Stosowanie syntetycznych insektycydów do zwalczania szkodników owadzich w uprawach stanowi praktykę ogólnoświatową. To praktyczne zastosowanie zyskało wysoki stopień popularności komercyjnej, ponieważ okazało się, że ten sposób zwalczania może zwiększyć plony. Jednakże skuteczne stosowanie insektycydów wymaga wydatnego nadzoru pod względem oporności insektycydów oraz narażenia środowiska i pracowników. Jednym z rozwiązań tego problemu było dostarczenie nowych, bardziej aktywnych insektycydów w celu ograniczenia zapotrzebowania na starsze, silnie toksyczne insektycydy oraz zmniejszenia ich ilości wprowadzanej do środowiska.
Jedną z nowych klas insektycydów, które uzyskują znaczące uznanie na rynkach są tak zwane insektycydy „neonikotynoidowe. Związki z tej klasy obejmują na przykład takie związki jak imidaklopryd, acetamipryd i tiametoksam, które są ujawnione odpowiednio w opisach patentowych U.S. 4742060 i 5304566 oraz EP 580553A2.
Bezpośrednie zaprawianie roślinnego materiału rozrodczego (takiego jak nasiona) insektycydami stanowi adresowane aplikowanie, które jest nakierowane na wymagania zmniejszenia narażenia środowiska i pracowników oraz narastania oporności szkodników, jeśli jest stosowane indywidualnie lub w połączeniu z aplikowaniem dolistnym lub w bruzdę siewną. Jednakże należy dołożyć starań, aby zapewnić właściwą kalibrację aparatury do zaprawiania nasion, aby insektycyd został równomiernie naniesiony na materiał siewny, aby uniknąć problemów związanych między innymi ze skutecznością insektycydu i fitotoksycznością nasion.
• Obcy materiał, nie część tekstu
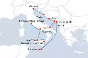 Italia, Malta, Montenegro, Croacia Itinerario: Venecia , Zadar , Hvar , Dubrovnik , Bari , Kotor , La Valetta , Naxos Di Giardini , Palermo , Nápoles , Civitavecchia - Roma , Venecia , Venecia , Zadar , Zadar , Hvar , Hvar , Dubrovnik , Dubrovnik , Bari , Bari , Kotor , Kotor , La Valetta , La Valetta , Naxos Di Giardini , Naxos Di Giardini , Palermo , Palermo , Nápoles , Nápoles , Civitavecchia - Roma , Civitavecchia - Roma Comidas incluidas Silver Muse 12 días Suite Venecia 06/05/2026 desde US$9400 EL PRECIO NO INCLUYE LA PERCEPCIÓN DEL 30% DE AFIP - RG 5463 TARIFA NO REEMBOLSABLE Comidas incluidas Ver las ofertas
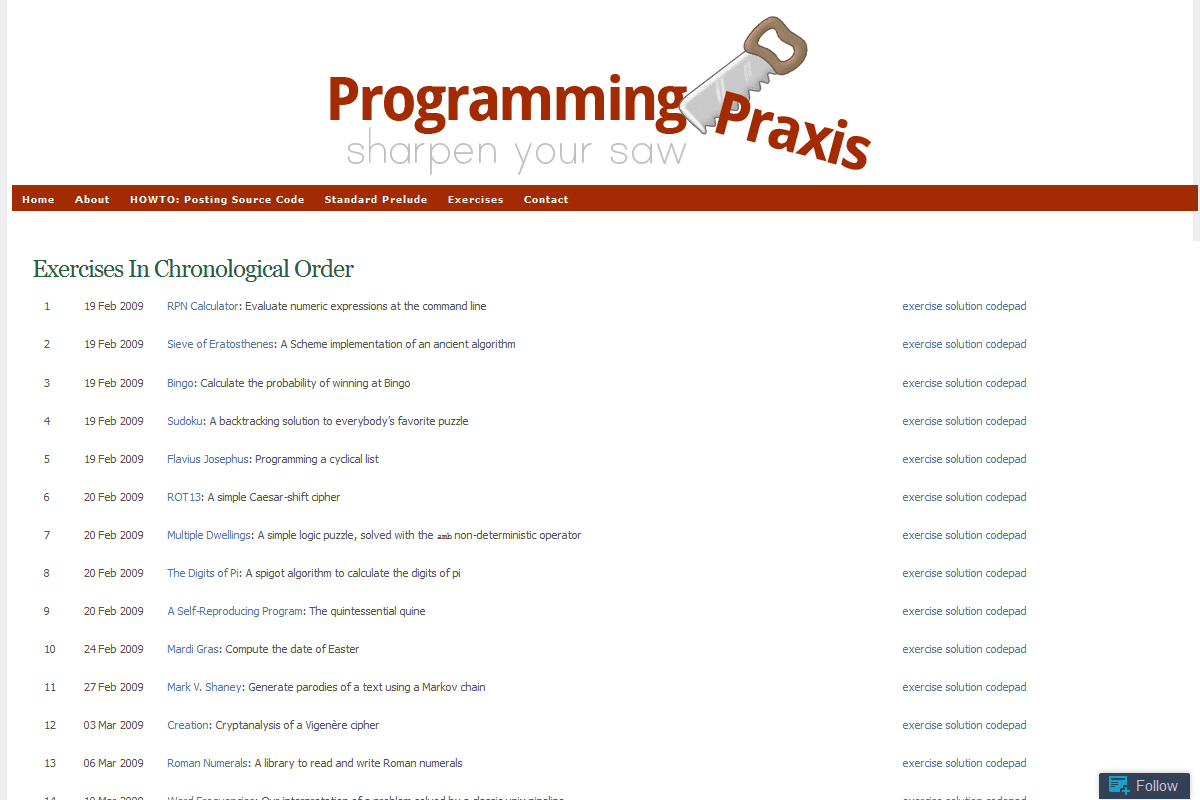 هذه المدونة تنشر عمليات البرمجة أسبوعيا، على الأقل، بحيث يتمكن المبرمجين الأذكياء من الحفاظ على مهاراتهم من خلال العمل على التمارين والتفكير خارج مجموعتهم والأطر التقليدية.
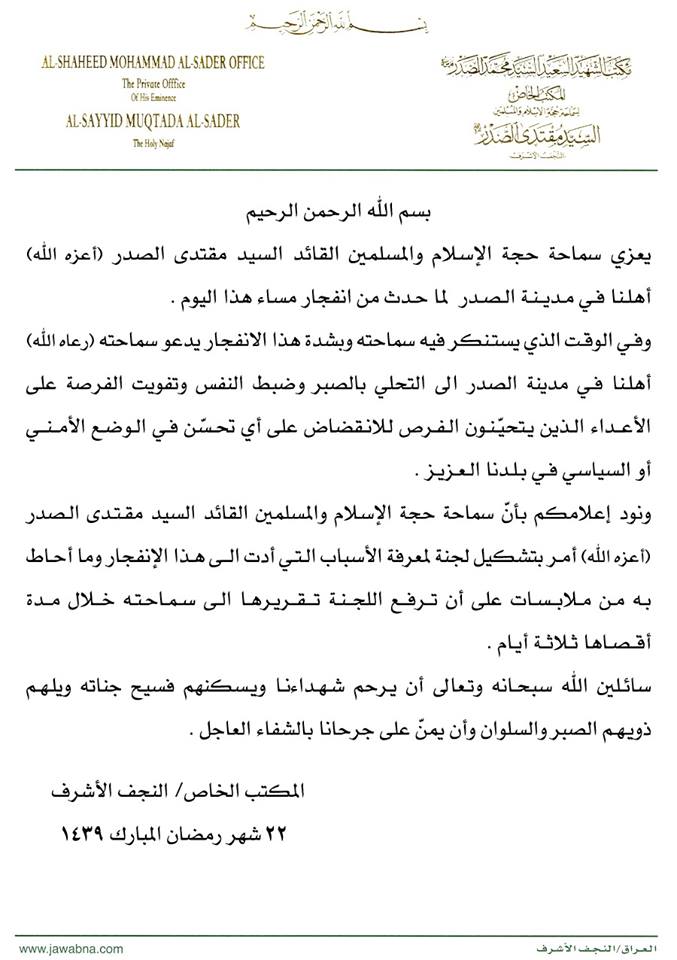 وبحسب البيان فإن الصدر "أمر بتشكيل لجنة لمعرفة الأسباب التي أدت الى هذا الانفجار، وما أحاط به من ملابسات على ان ترفع اللجنة تقريرها اليه خلال مدة أقصاها ثلاثة أيام".
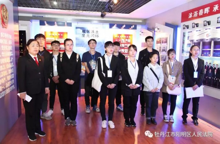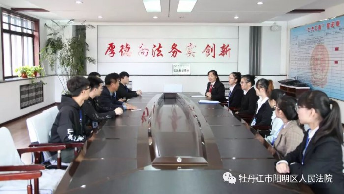 院党组成员、政工科科长郭玉荣同尹院长、同学们开展座谈。尹院长表示,阳明区法院历来是接收法学院实习生最多的单位,感谢阳明区法院对牡丹江师范学院法学院的支持,希望阳明区法院对实习生严格要求,培养其社会实践能力。郭科长表示,阳明区法院作为牡丹江师范学院的实践教育基地,会全力投入共同建设人才交流平台,共同繁荣司法、教育事业。参观尊严之厅,感受法官“海纳百川、兼收并蓄”的情怀。参观辉煌之窗,领略阳明区法院的荣誉和风采。参观文化建设长廊,看见不一样的法院与法官,法院生活丰富多彩,法院干警多才多艺。参观院史展览馆,阳明区法院的沧桑巨变和满枝硕果在同学们心中留下深刻印象。
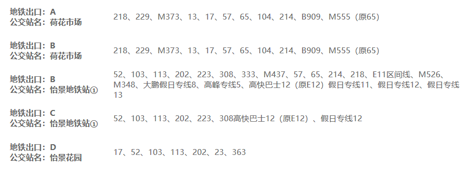 A出口: | 黄贝路西侧、怡景花园、荷花市场 |
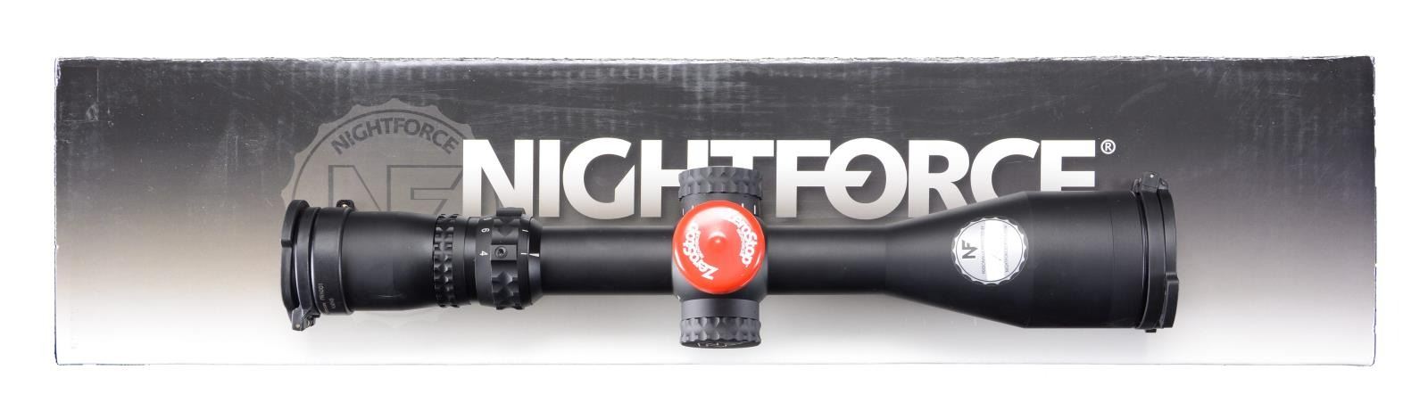 WITH FACTORY BOX. NX8 4-42x50mm scope manufactured by Nightforce. Black anodized aluminum construction with illuminated optic and MOAR reticule. ZeroStop elevation adjustment. Exterior retains its factory inspection sticker. UNATTACHED ACCESSORIES: original factory box containing factory paperwork. CONDITION: near new, exhibiting few minute superficial marks from handling and storage. Scope retains a clear and sharp optic. Box shows some mild exterior wear, but otherwise remains sturdy and serviceable. PROVENANCE: The Collection of Gun Sport Ltd. owned by Jon R. Thomas. (02-20636/MLW). $1,500-2,250.
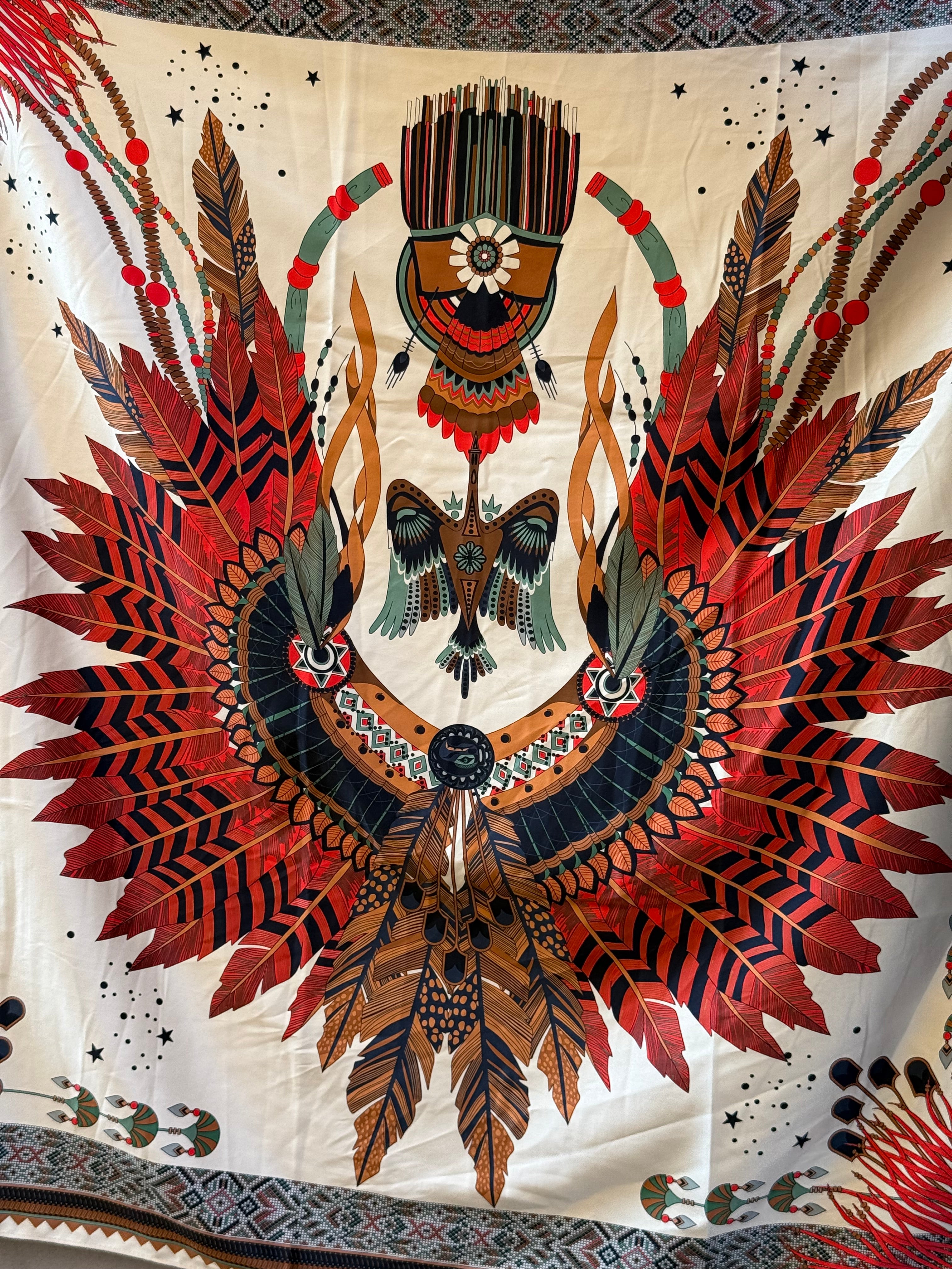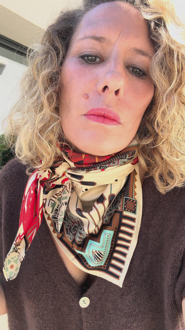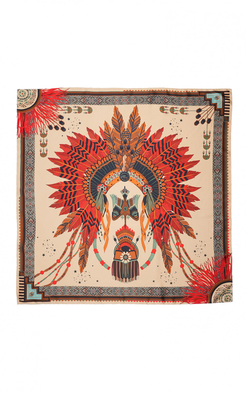 Cet hiver, l’imprimé Nouveau Western se pare, en son centre, d’une somptueuse et imposante coiffe d’indien réhaussée de symboles tribaux sur chacun des coins du foulard. Les motifs de nos bracelets brésiliens encadrent élégamment le foulard. Ils se mêlent aux petits symboles emblématiques de la marque, tels que les étoiles, les plumes ou les bordures signature. Versatile, il se porte aussi bien en foulard qu’en paréo selon le format. Nouez-le autour du cou, de la taille, en turban, ou même en accessoire chic sur votre sac.
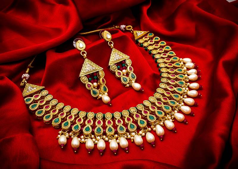 • Product Id : 3630938 • Package Details : 1 Necklace / 1 Pair Of Earrings • Type : Necklace Sets • Occasion : Bridal • Jewellery Work : Gold Plated • Color : Multicolor • Plating : Yellow Gold • Base Material : Alloy • Width : 4 Payments [+]
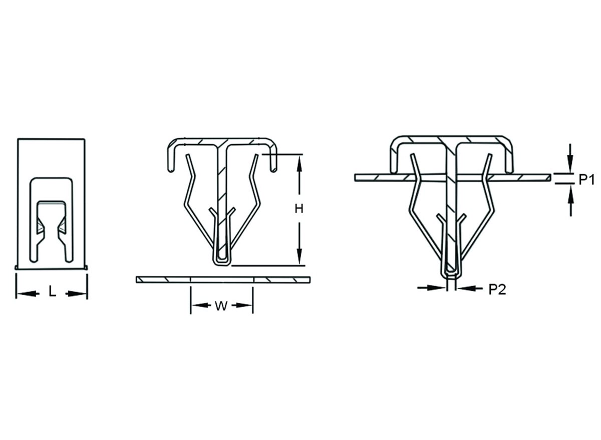 Designed for use on rectangular studs or integrally moulded ribs on any lightweight application where removability is desired, these panel trim fasteners provide a snug, rattle-free installation, yet will yield to deliberate removal force when required. Upon removal, the Unheaded Trim Panel Clips are retained on the trim panel by the integral steel barbs.
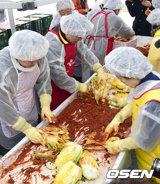 11일 오전 서울 강남구 개포동 남부적십자혈액원에서 열린 'KBO 사랑의 김장나눔' 봉사활동 행사에서 김인식 규칙위원장, 허구연 야구발전실행위원장이 김장을 하고 있다.
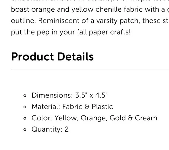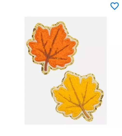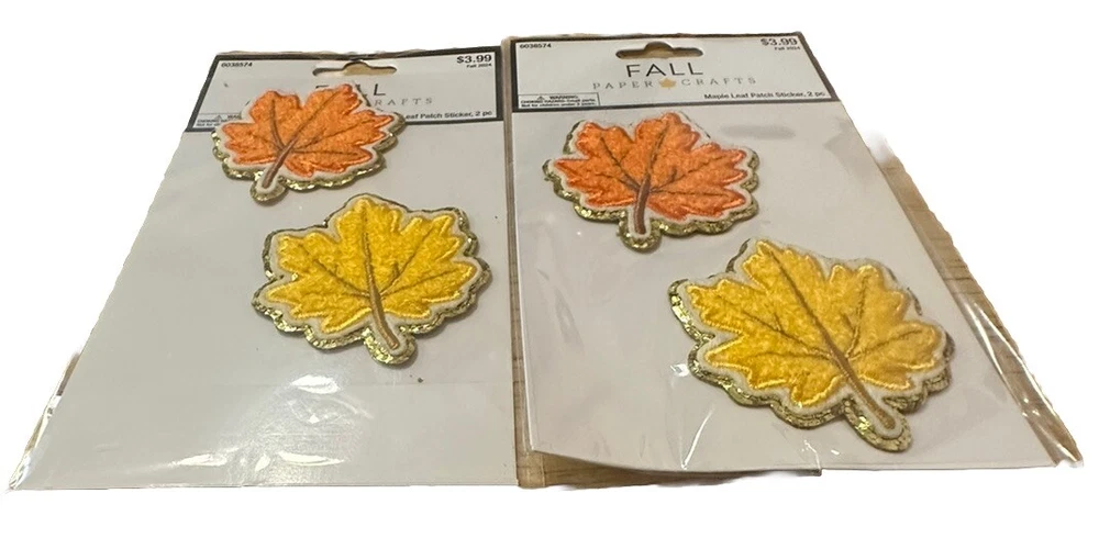 Fall Paper Craft 2 Sets Maple Leaf 🍁 Patch Stickers 3.5"x4.5" Yellow Orange Gold Three cheers for these Maple Leaf Patch Stickers! These embellishments are in the shape of maple leaves that boast orange and yellow chenille fabric with a gold glitter outline. Reminiscent of a varsity patch, these stickers will put the pep in your fall paper crafts!
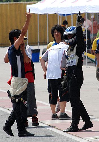 在事故發(fā)生后,韓寒鉆出已經(jīng)面目全非的賽車,用盡全力狠狠地摔了下車門(mén),然后走下賽道。掙扎著駛回賽道的王睿,也在幾圈后遭遇裁判黑旗而退出比賽。當(dāng)王睿將車開(kāi)會(huì)維修區(qū)時(shí),已經(jīng)脫下一半賽服的韓寒,一邊打電話,一邊上前安慰王睿。隨后,兩人非常默契地同時(shí)伸出中指,高高地指向天,并各自轉(zhuǎn)了360度,以便讓現(xiàn)場(chǎng)的更多觀眾和記者看到。此舉立刻引起軒然大波。

Pomiary analityczne mogą być zastosowane w celu określenia, czy oprzyrządowanie do zaprawiania nasion zostało właściwie skalibrowane, czy funkcjonuje właściwie i czy traktowane partie mogą być przekazane do wysyłki. Jednakże tradycyjne sposoby wykrywania resztek insektycydów na nasionach są wyjątkowo czasochłonne i kosztowne, ponieważ wymagają wysoce specjalistycznych i kosztownych procedur analitycznych, takich jak chromatografia gaz-ciecz lub wysokosprawna chromatografia cieczowa. Techniki chromatograficzne wymagają kosztownej aparatury, która jest kosztowna w utrzymaniu, i która musi być obsługiwana przez wyszkolony personel techniczny. Stanowiska zaprawiania nasion oraz hodowcy zwykle nie posiadają takiego sprzętu lub personelu wśród swych pracowników, a więc próbki nasion muszą być wysyłane do odległych laboratoriów analitycznych. Jeśli próbki są poddane analizie w tych laboratoriach w ramach szybkiego cyklu transportowego, to stanowisko zaprawiania może otrzymać dane analityczne po około dwudziestu czterech godzinach od wysłania. Analizy w ramach wolniejszej procedury prowadzą do dłuższych opóźnień. Takie opóźnienia mogą powodować wiele godzin przestoju urządzeń na stanowisku zaprawiania. Opóźnienia w wysyłce zaprawianych nasion też są nieuniknione.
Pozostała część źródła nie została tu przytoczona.